The lines to extract run from the first line of the material below to the line containing "Expandable Duffel Bag", both included; leave the pictures behind.
BEGIN
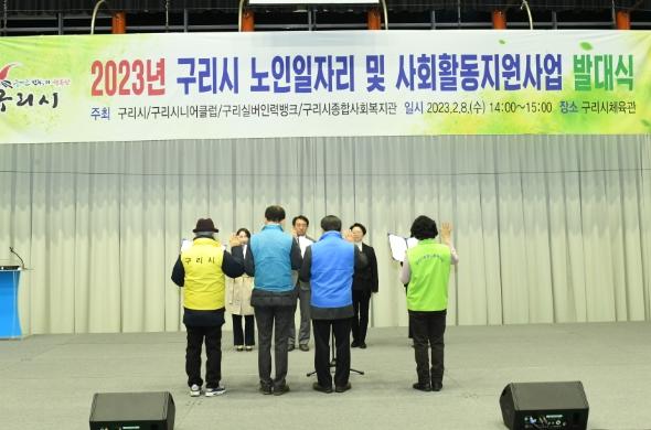 이날 발대식에는 여러 내빈과 일자리 수행기관 관련자, 노인일자리 참여자 2,000여 명이 참석한 가운데, ▲구리시립합창단의 위문공연 ▲내빈 축사 ▲2023년 노인일자리 사업 및 수행기관 소개 ▲선언문 낭독 순으로 진행됐다.
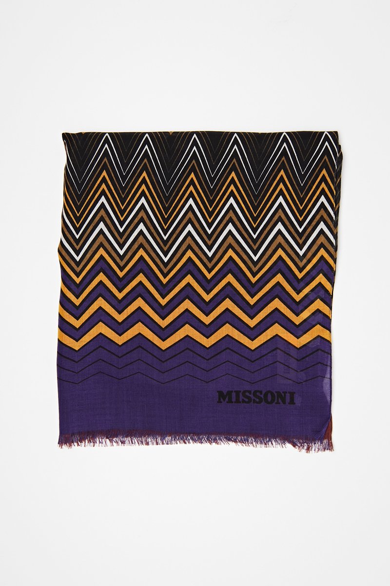 Connue pour sa maille et ses rayures chamarrées, la marque italienne Missoni égaie vos looks grâce à ses foulards, cravates et écharpes aux couleurs et motifs éclatants !
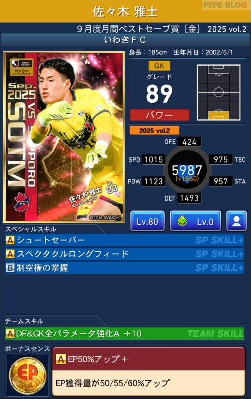 Jクラ期間限定カード「2025年9月度月間ベストセーブ賞」が登場しました。
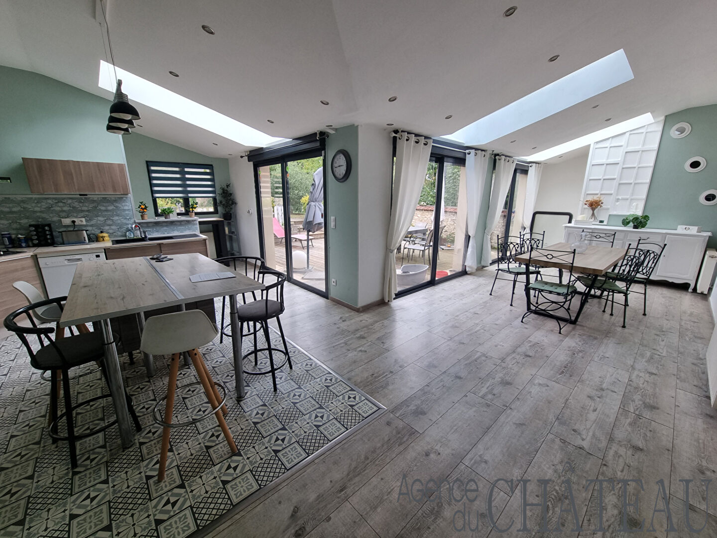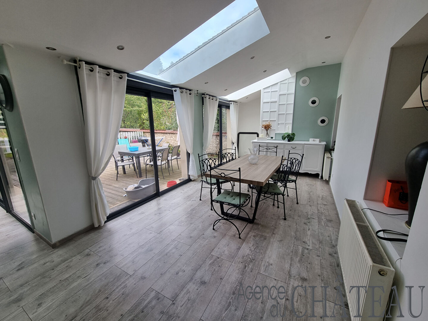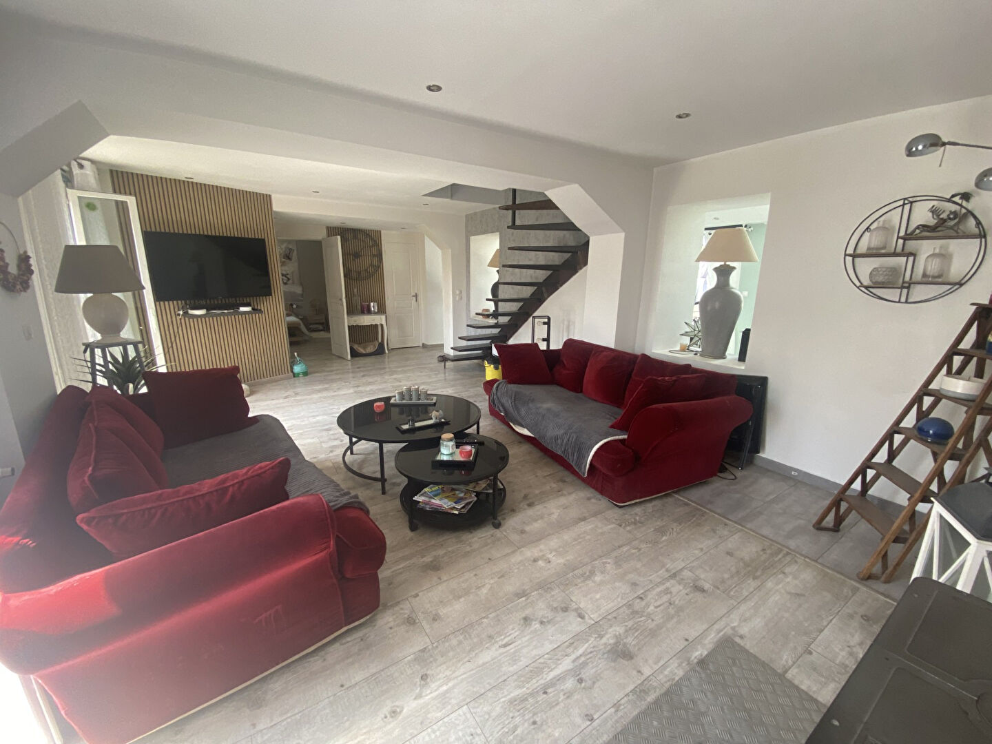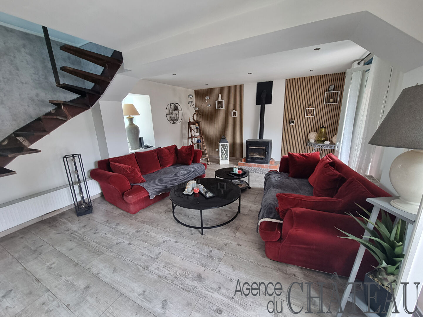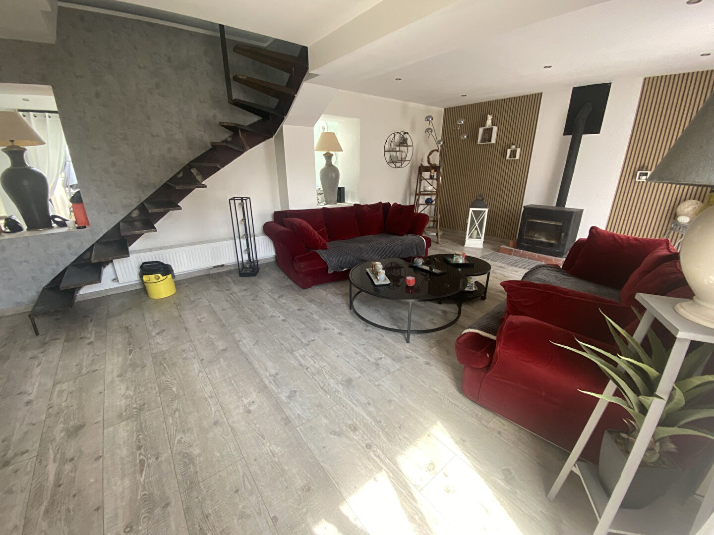 Le rez-de-chaussée vous accueille avec une entrée, un double séjour lumineux agrémenté d'un poêle à bois.
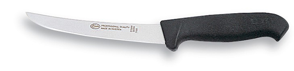 15,8 cm semifleksibel buet blad. Frosts Mora 8158, med sort UG skaft. UG = Unigrip. Dette skaftet er laget av polyamid som føles myk i hånden og gir høy friksjon som ikke påvirkes av fett eller fuktighet. Skaftet har en slitesterk mikrostruktur på overflaten som ligner små krystaller. Unigrip kan anbefales til de fleste bruksområder.
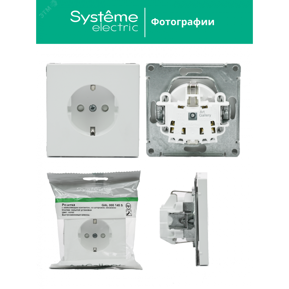 Доставка ARTGALLERY РОЗЕТКА с заземлением со шторками, 16А, механизм, быстрозажимные клеммы, белый GAL000145S
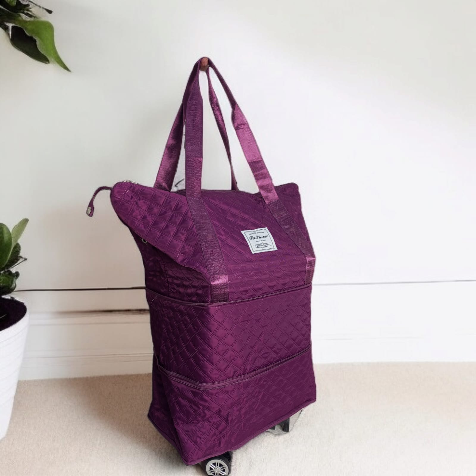 Expandable Duffel Bag with Rolling Wheels-Dark Purple
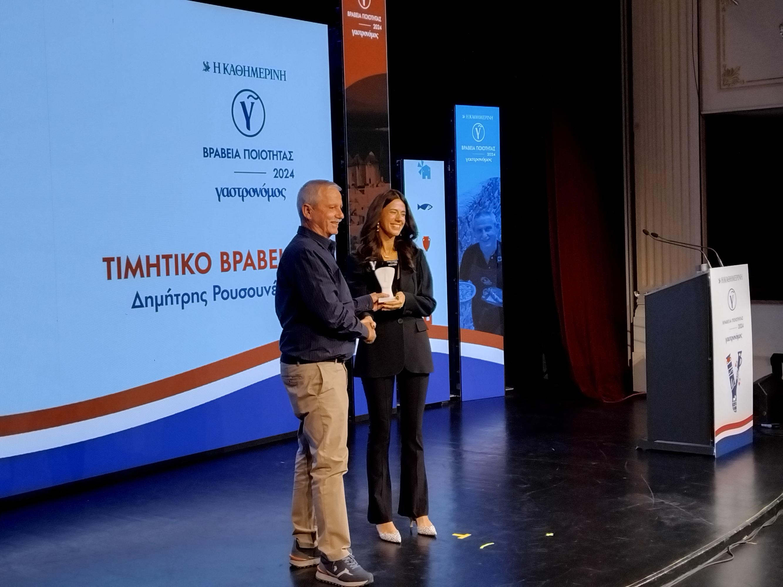 - Τιμητικό βραβείο στον Δημήτρη Ρουσσουνέλο, για την έρευνά του πάνω τα γαστρονομικά έθιμα του νησιού του και των Κυκλάδων, τις ημερίδες που διοργανώνει και τη συνολική δράση του, μέσα από την οποία παλεύει να διασώσει τη φυσιογνωμία της παλιάς Μυκόνου.
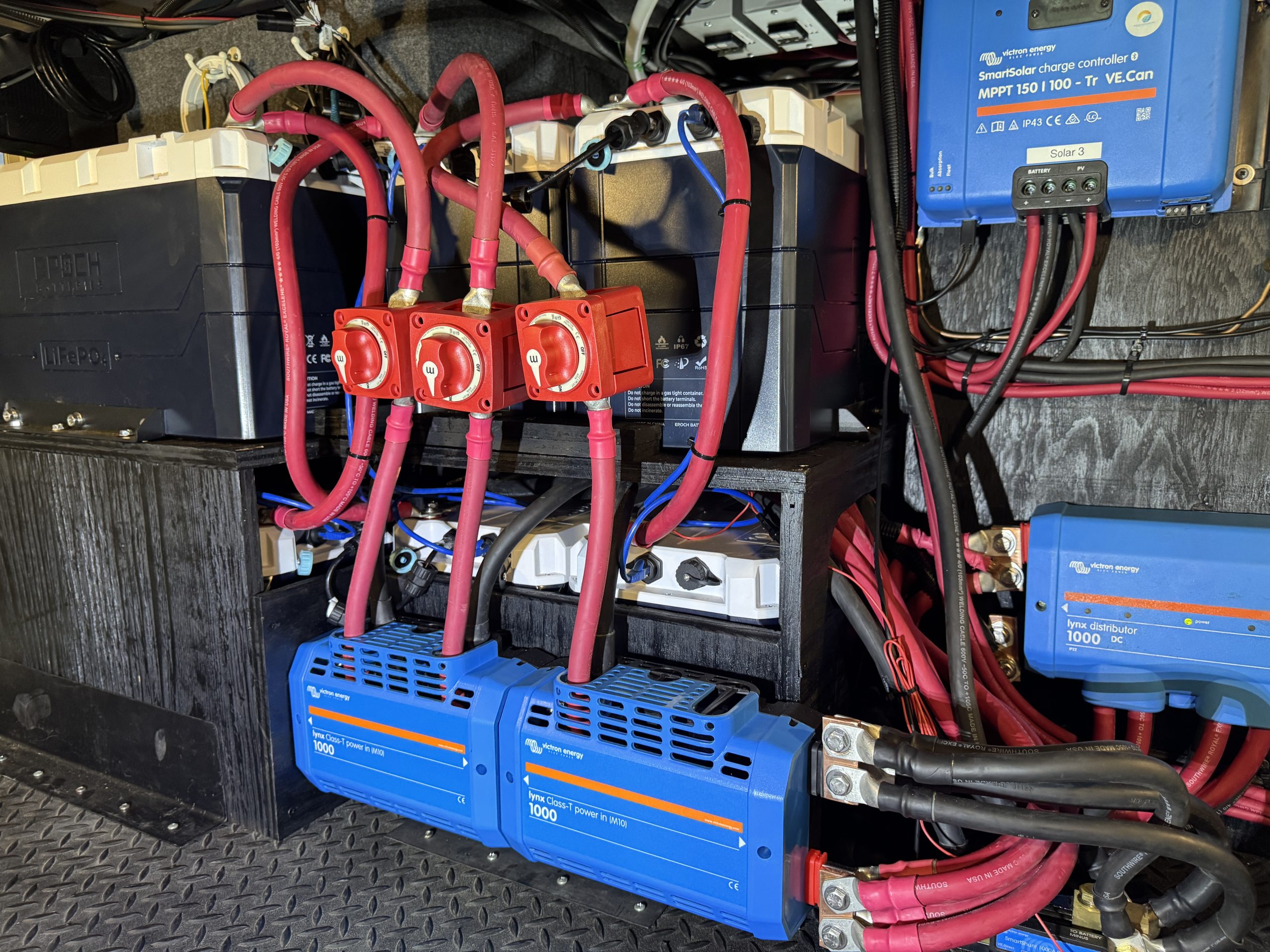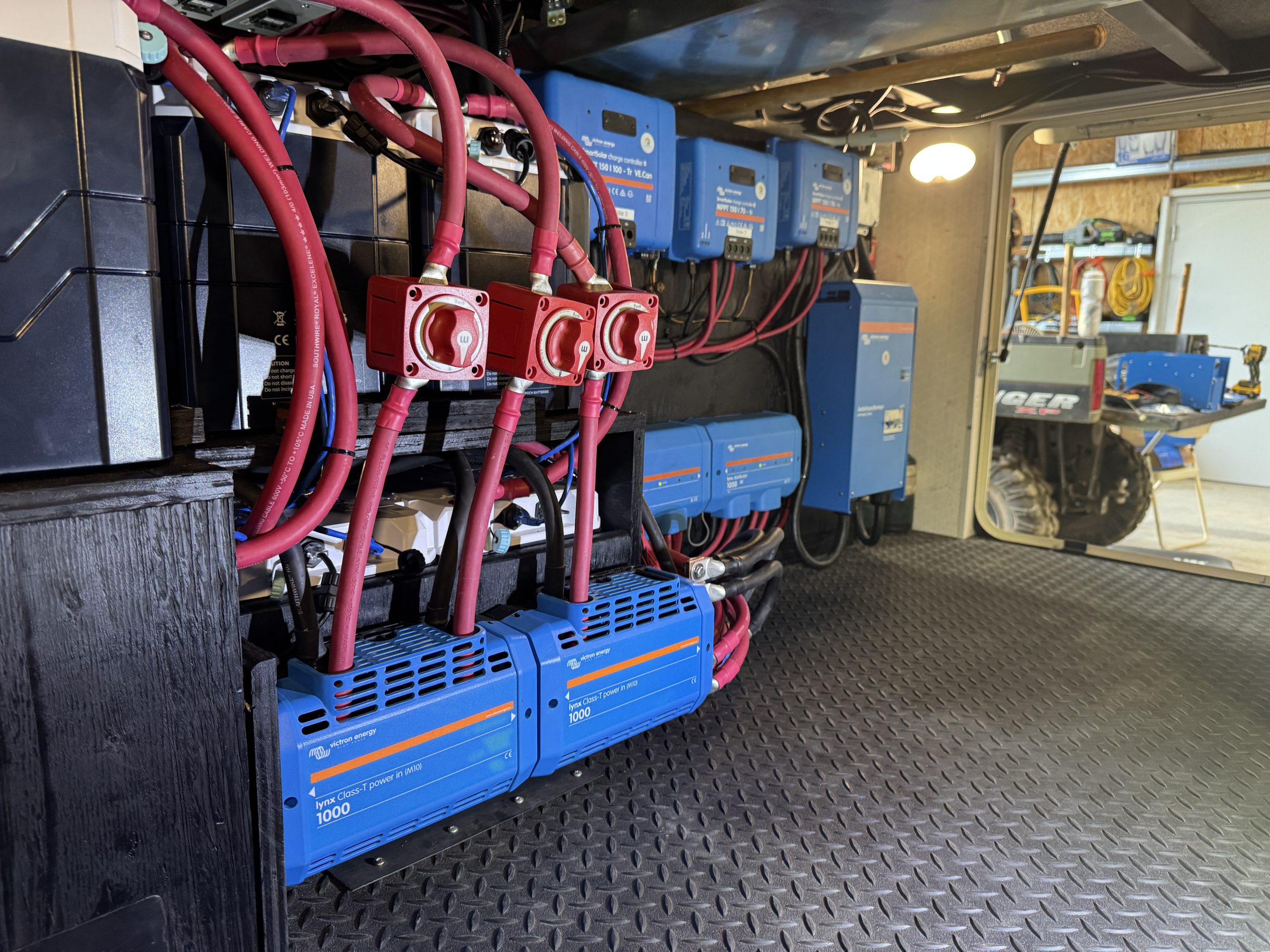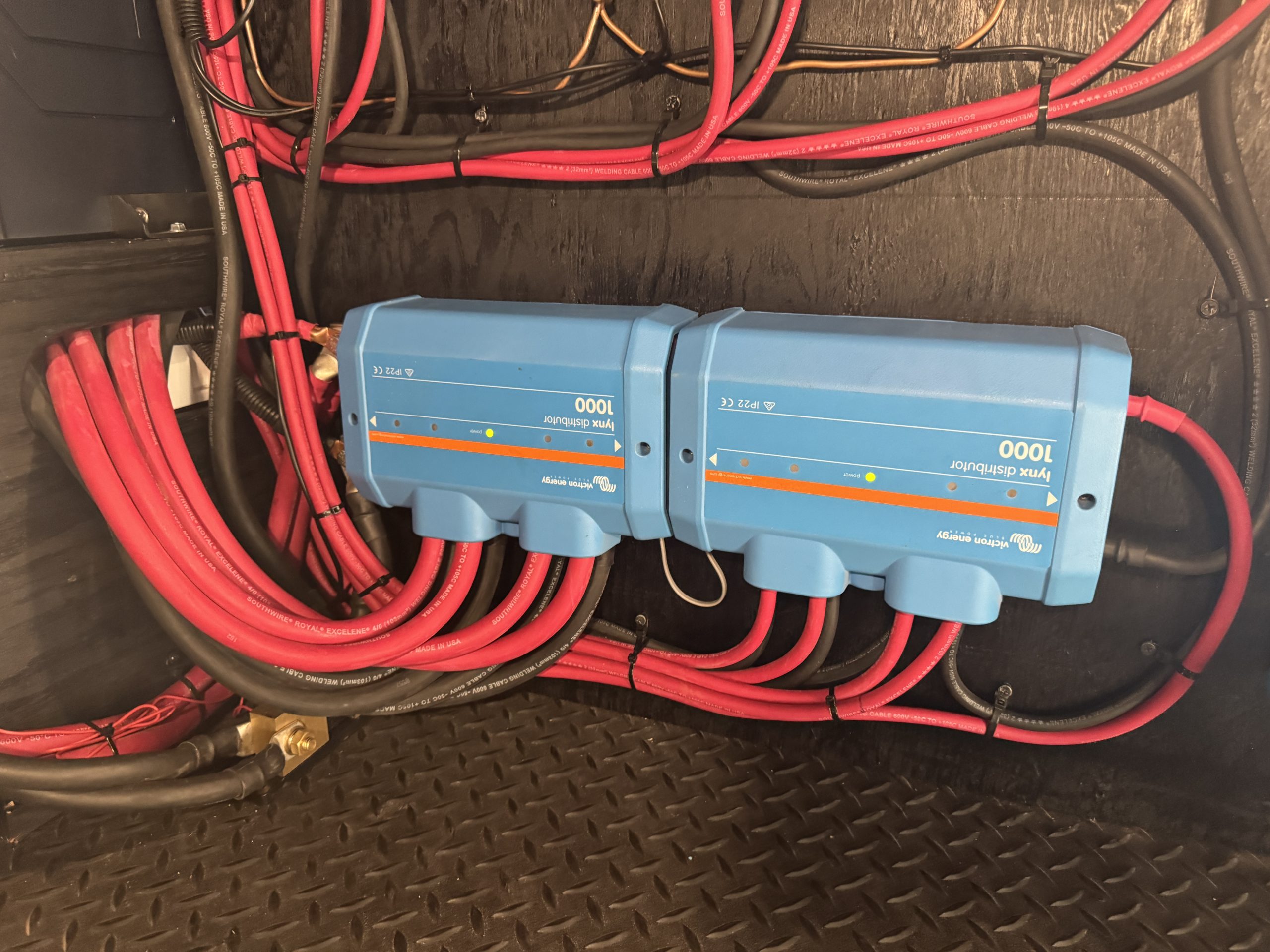 Update 9-1-2025:  I did a quick update to the system. I removed the single Lynx Power In and replaced it with two Class T Lynx Power Ins. The battery pairs now connect to the Class T Power Ins with 350 amp Class T fuses for each pair of batteries. I also removed the single Blue Sea HD 3000 on/off switch and replaced it with three Blue Sea 6006 on/off switches. The switches are in the positive cable of each battery pair going to the Lynx Class T Power ins. These changes give me more protection for the batteries and more input/output capacity for the system (no longer limited to the single 3000 HD switch capacity).  As part of this update, I also upgraded from two sets of 4/0 cable between the Power Ins and the Distributors to four sets of 4/0 cables (four positive cables and four negative cables).  These cables connect to the ends of the last Class T Lynx Power In and go to the ends of the first Lynx Distributor.  The negative cables go through a 1000 amp SmartShunt.  In order to make room to connect four 4/0 cable lugs to the ends of the Power In and the Distributor, I added 1″ x 1/4″ copper busbar to each bus bar end on the Power In and the Distributor.  This allowed for the added connection space for the cable lugs.  It would have been nice to use a Lynx Shunt between the Power Ins and the Distributors, but the installation space did not allow for that.  With four sets of 4/0 cables between the Power Ins and the Distributors, the cables barely get warm under heavy extended charge or extended heavy load.  With the battery capacity I now have, it is easy to run heavy loads (300+ amps of current) for extended periods and with the dual 220 amp chargers in the Quattros, it is easy to charge at high current (300+ amps) for extended periods.  Even after hours of loads like this, the cables are perfectly happy with no significant heat build up.
END
▶ **ANSWER**
 이날 발대식에는 여러 내빈과 일자리 수행기관 관련자, 노인일자리 참여자 2,000여 명이 참석한 가운데, ▲구리시립합창단의 위문공연 ▲내빈 축사 ▲2023년 노인일자리 사업 및 수행기관 소개 ▲선언문 낭독 순으로 진행됐다.
 Connue pour sa maille et ses rayures chamarrées, la marque italienne Missoni égaie vos looks grâce à ses foulards, cravates et écharpes aux couleurs et motifs éclatants !
 Jクラ期間限定カード「2025年9月度月間ベストセーブ賞」が登場しました。
 Le rez-de-chaussée vous accueille avec une entrée, un double séjour lumineux agrémenté d'un poêle à bois.
 15,8 cm semifleksibel buet blad. Frosts Mora 8158, med sort UG skaft. UG = Unigrip. Dette skaftet er laget av polyamid som føles myk i hånden og gir høy friksjon som ikke påvirkes av fett eller fuktighet. Skaftet har en slitesterk mikrostruktur på overflaten som ligner små krystaller. Unigrip kan anbefales til de fleste bruksområder.
 Доставка ARTGALLERY РОЗЕТКА с заземлением со шторками, 16А, механизм, быстрозажимные клеммы, белый GAL000145S
 Expandable Duffel Bag with Rolling Wheels-Dark Purple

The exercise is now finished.